In the afternoon, on quirke’s instructions, they brought the body from St. Vincent’s to the city-center Hospital of the Holy Family, where Quirke was waiting to receive it. A recent round of imposed economics at the Holy Family, hotly contested but in vain, had left Quirke with one assistant only, where before there had been two. His had been the task of choosing between young Wilkins the horse-Protestant and the Jew Sinclair. He had plumped for Sinclair, without any clear reason, for the two young men were equally matched in skill or, in some areas, lack of it. But he liked Sinclair, liked his independence and sly humor and the faint surliness of his manner; when Quirke had asked him once where his people hailed from Sinclair had looked him in the eye without expression and said blankly, “Cork.” He had offered not a word of thanks to Quirke for choosing him, and Quirke admired that, too.

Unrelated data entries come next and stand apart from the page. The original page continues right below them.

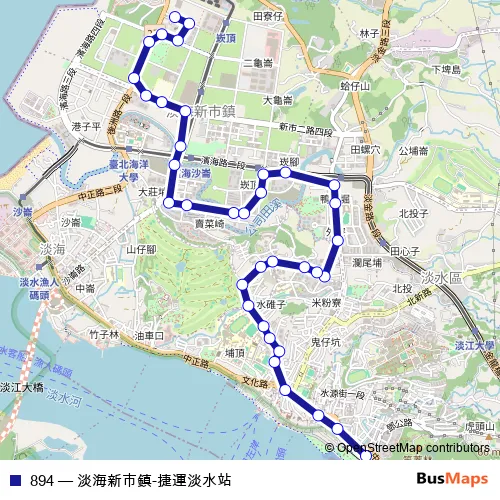 Click here to view the nearest 894 - 淡海新市鎮-捷運淡水站 bus stop.
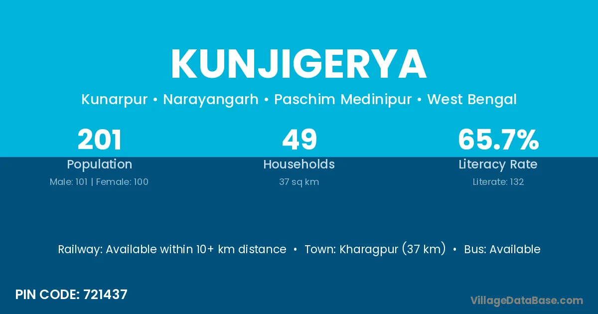 Kharagpur (37 km) is the nearest town to Kunjigerya village for major economic activities and is located approximately 37 km away.
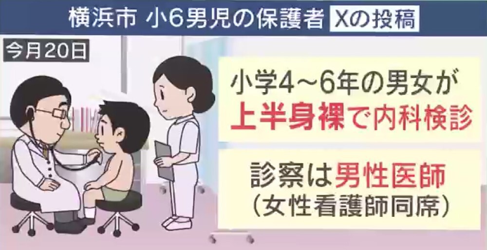 小学校で行われる『健康診断』が今、物議を醸しています。発端となったのは、神奈川・横浜市に住む男子児童(小学6年生)の保護者のSNS投稿。
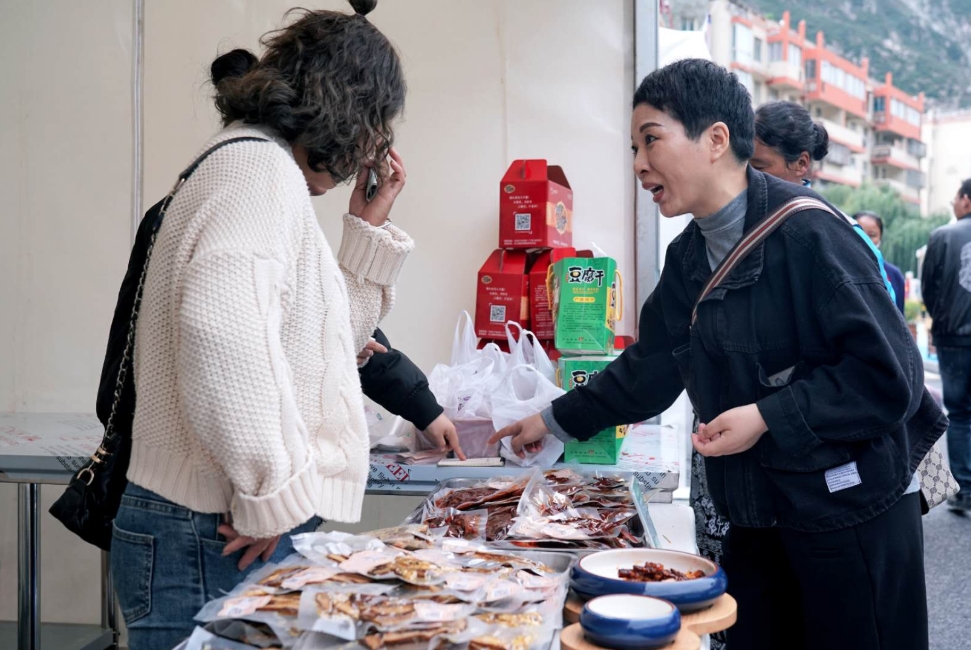 记者在玉轮桥上的松潘县展位看到,来自该县的花椒、牛肉制品,以及与松潘县相关的文创产品引得游客驻足。该县展位的工作人员告诉记者,“今天我们展销的是带有‘四川扶贫’标志的松潘花椒,目前我们已经与浙江省建立起了对口供销关系。凭借花椒种植,直接带动了松潘当地的贫困户就业和脱贫。”
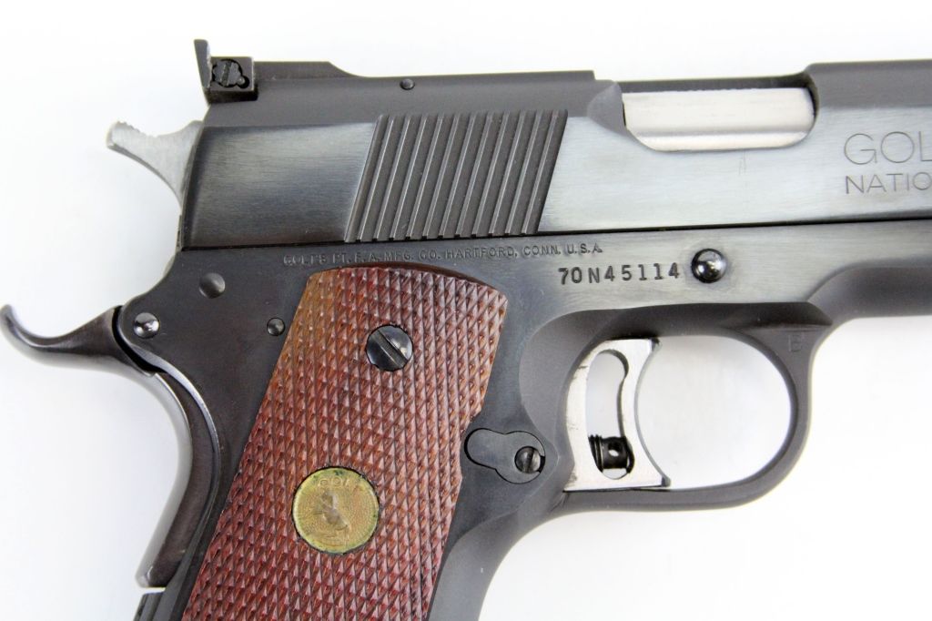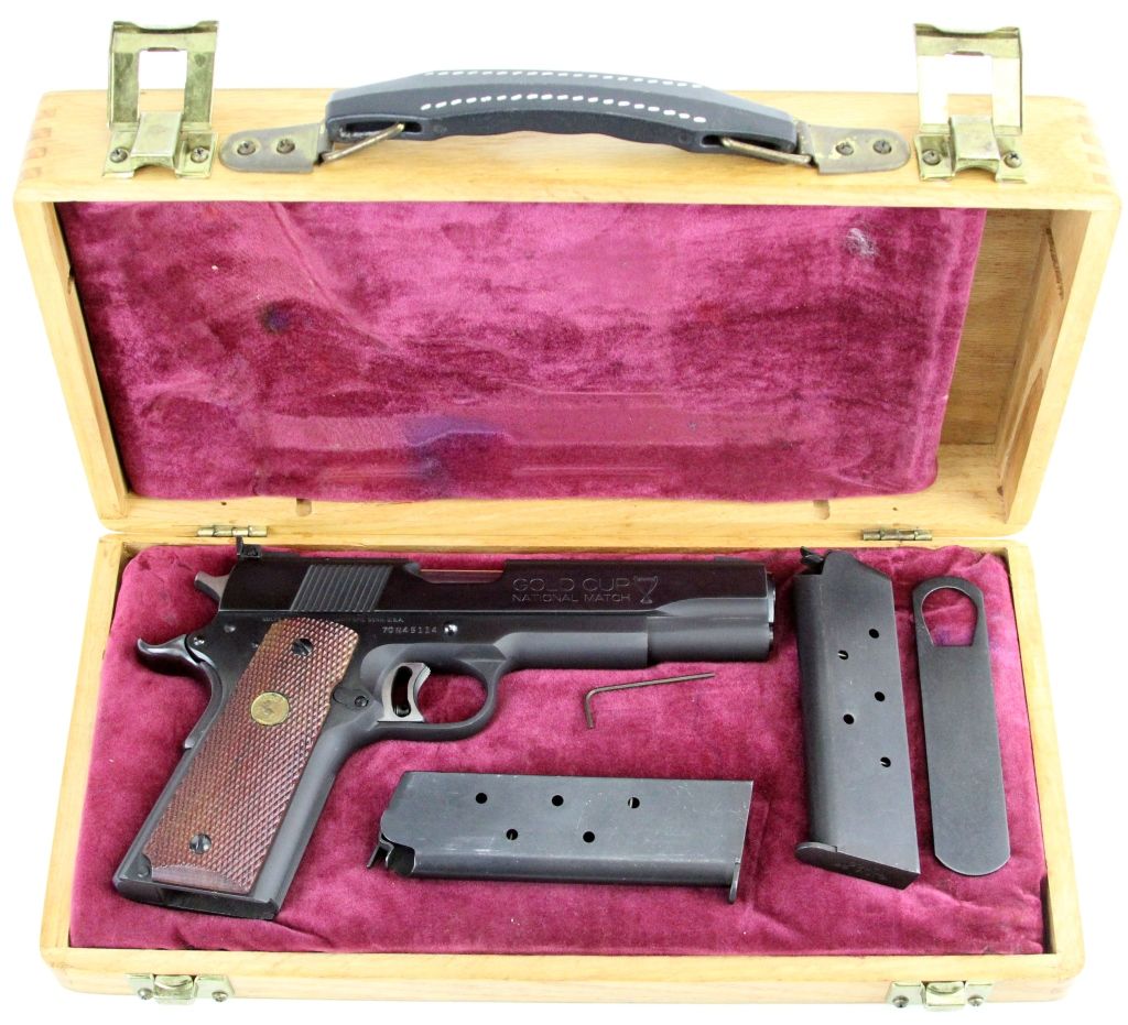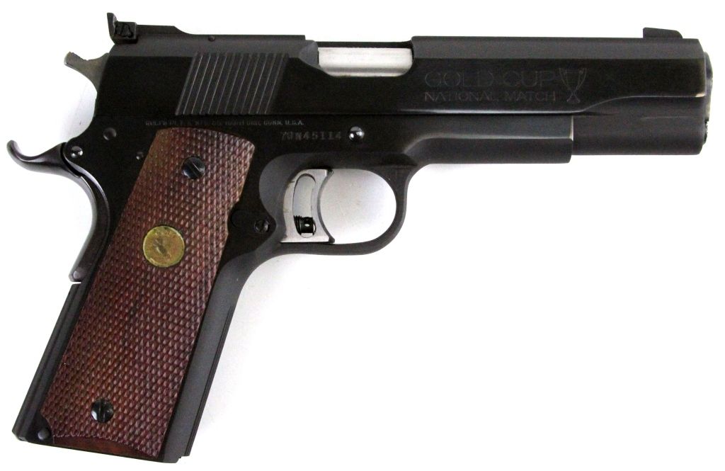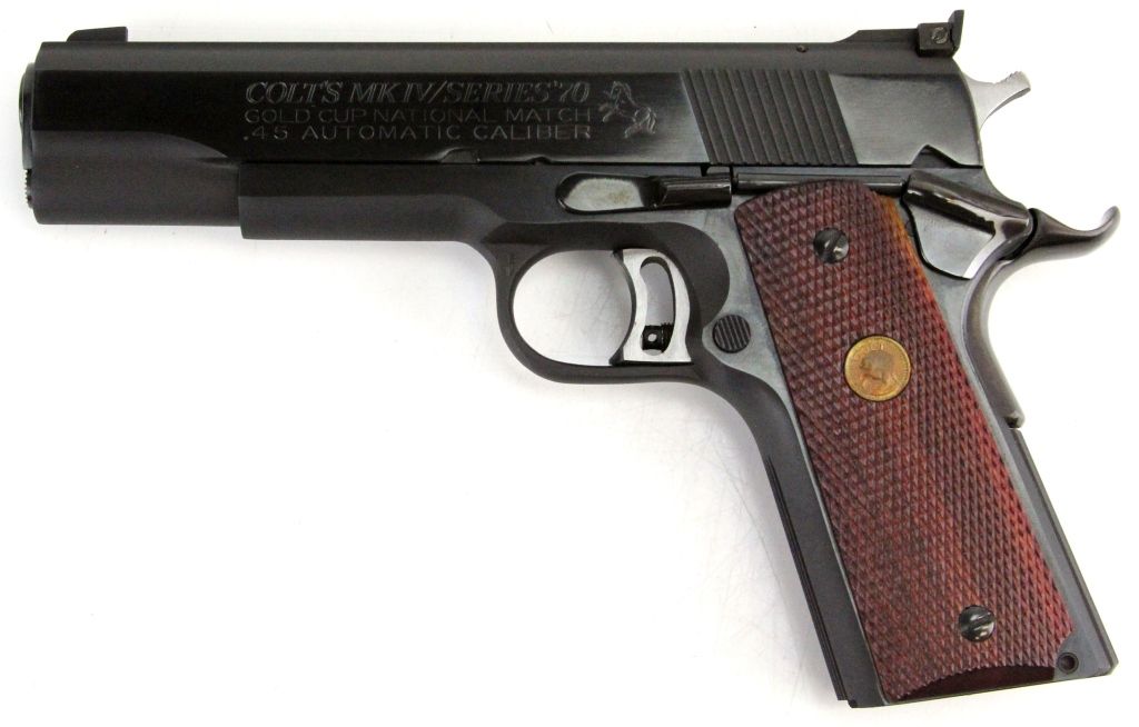 COLT GOLD CUP NATIONAL MATCH MKIV SERIES 70 PISTOL Colt .45 Auto. Type: Pistol Manufacturer: Colt Model: MKIV Caliber / Gauge: .45 Barrel Length: 3.5" Serial Number: 70n45114 Condition: Like new with a few scuffs.

He wondered how far he should take Sinclair into his confidence in the matter of Deirdre Hunt and her husband’s plea that her corpse should be left intact. Sinclair, however, was not a man to make trouble. When Quirke said he would do the postmortem alone—a visual examination would suffice—and that Sinclair might as well take himself off to the canteen for a cup of tea and a cigarette, the young man hesitated for no more than a second, then removed his green gown and rubber boots and sauntered out of the morgue with his hands in his pockets, whistling softly. Quirke turned back and lifted the plastic sheet.

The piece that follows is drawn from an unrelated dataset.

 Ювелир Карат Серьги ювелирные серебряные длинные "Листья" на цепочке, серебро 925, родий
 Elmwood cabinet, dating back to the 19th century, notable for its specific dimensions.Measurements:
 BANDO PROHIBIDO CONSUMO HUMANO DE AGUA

Deirdre Hunt—or Laura Swan, or whatever name she went under—must have been, he judged, a good-looking young woman, perhaps even a beautiful one. She was—had been—quite a lot younger than Billy Hunt. Her body, which had not been in the water long enough for serious deterioration to have taken place, was short and shapely; a strong body, strongly muscled, but delicate in its curves and the sheer planes at flank and calf. Her face was not as fine-boned as it might have been—her maiden name, Quirke noted, had been Ward, suggesting tinker blood—but her forehead was clear and high, and the swathe of copper-colored hair falling back from it must have been magnificent when she was alive. He had a picture in his mind of her sprawled on the wet rocks, a long swatch of that hair coiled around her neck like a thick frond of gleaming seaweed. What, he wondered, had driven this handsome, healthy young woman to fling herself on a summer midnight off Sandycove harbor into the black waters of Dublin Bay, with no witness to the deed save the glittering stars and the lowering bulk of the Martello tower above her? Her clothes, so Billy Hunt had said, had been placed in a neat pile on the pier beside the wall; that was the only trace she had left of her going—that and her motorcar, which Quirke was certain was another thing she would have been proud of, and which yet she had abandoned, neatly parked under a lilac tree on Sandycove Avenue. Her car and her hair: twin sources of vanity. But what was it that had pulled that vanity down?
Then he spotted the tiny puncture mark on the chalk-white inner side of her left arm.